# Animation on rolling stock?



## Cap'nBill (Dec 27, 2008)

Our club basically operates for the public. Located in a mall shop, we take turns operating the various scales Fri-Sun. I'm amazed at the number of people who enjoy this. I'm trying to think of ways to provide some animation on the train as it passes around the layout. The Bell and whistle are neat, but even I get bored after awhile. How could you have a figure 'wave' as he passes by? How about a conversation from the caboose? I bring my own logging train, loaded with junk, slow moving. It's fun to watch people strain to see the jacks on the engine, or the vise I have mounted on a block of wood. Anyway, got any ideas how to make the train itself come alive? Bill


----------



## toddalin (Jan 4, 2008)

Buy and redecorate a New Bright Christmas train. They come with lots of animation standard.


----------



## noelw (Jan 2, 2008)

Posted By Cap'nBill on 05/24/2009 10:40 AM
Our club basically operates for the public. Located in a mall shop, we take turns operating the various scales Fri-Sun. I'm amazed at the number of people who enjoy this. I'm trying to think of ways to provide some animation on the train as it passes around the layout. The Bell and whistle are neat, but even I get bored after awhile. How could you have a figure 'wave' as he passes by? How about a conversation from the caboose? I bring my own logging train, loaded with junk, slow moving. It's fun to watch people strain to see the jacks on the engine, or the vise I have mounted on a block of wood. Anyway, got any ideas how to make the train itself come alive? Bill 


*Here are some I posted on here months ago.. Hope this helps..*

http://1stclass.mylargescale.com/stevec/MLS-Topic-Article/AnimationNoelWilson.pdf

*There more on animation on here by doing a search on MLS.* 

*Some video of them here to... 

http://www.livestream.com/noelw and hit the On Damand tab on bottom of view screen.* 

*This why we made these animations for our show stoppers. We are always making something that moves here and alway looking for ideas.. *


----------



## Dan Pierce (Jan 2, 2008)

LGB had some animated cars, one was a fish tank with a revolving screen, other was a dinosaur car. 
Then these were modified for Disney wit the fish car being nemo. 
Also, there was a bubble blowing car, original was PUSTFIX, then a merry Christmas version. 

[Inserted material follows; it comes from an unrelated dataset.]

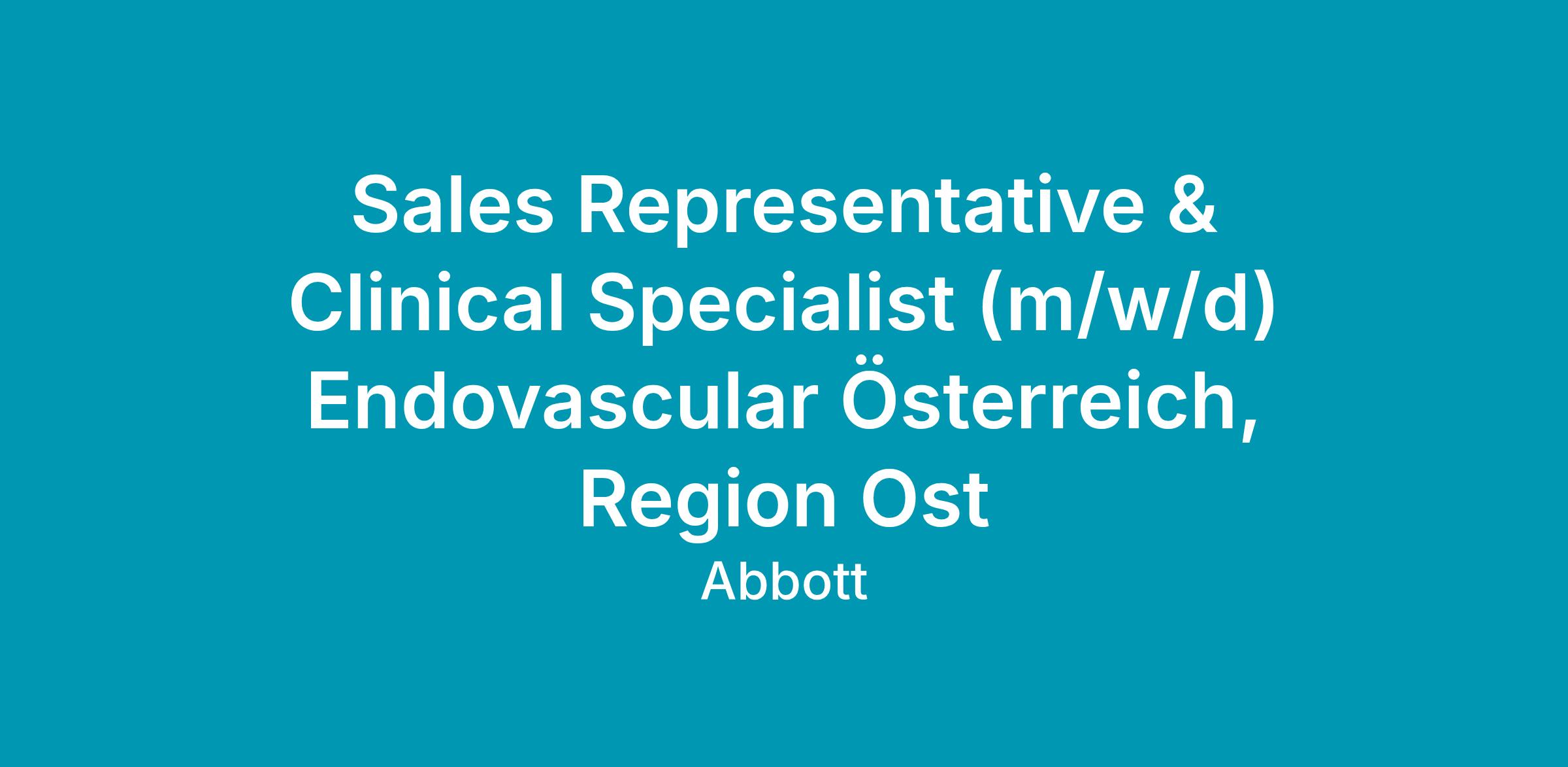 Die Position wird in der Region Ost Bereich Vascular - Abbott Medical Austria GmbH besetzt. Abbott Vascular bietet innovative, minimal-invasive Produkte zur Behandlung von Gefäßerkrankungen.

These all show up on e--bay from time to tme.


----------



## sheepdog (Jan 2, 2008)

Good timing. We had some fun at the yard sale yesterday. 

Set up the Mack with wireless audio and a spy camera that really entertained the folks.











Camera on top, speaker in the cab. No place to run it but we did have fun. The camera is voice activated. 

Buy yourself some wireless headphones. Dismantle them and mount in the train along with a cheapo Radio Crap amp/speaker.


Download some free audio,Write a little code...











And have some fun.

Yard Sale 


Craig


----------



## SlateCreek (Jan 2, 2008)

A FRS walkie talkie in the caboose will work too, for conversation. This is the kind you see all over Disney World, etc.... available just about anyplace electronics are sold.


----------



## Les (Feb 11, 2008)

Cap,

Lionel had a 'cop and hobo' car, a gon with a stack of boxes. The cop chased the hobo around the stack. The whole thing was animated wtih a couple of pulleys a, a motor, and a dial cord type drive belt.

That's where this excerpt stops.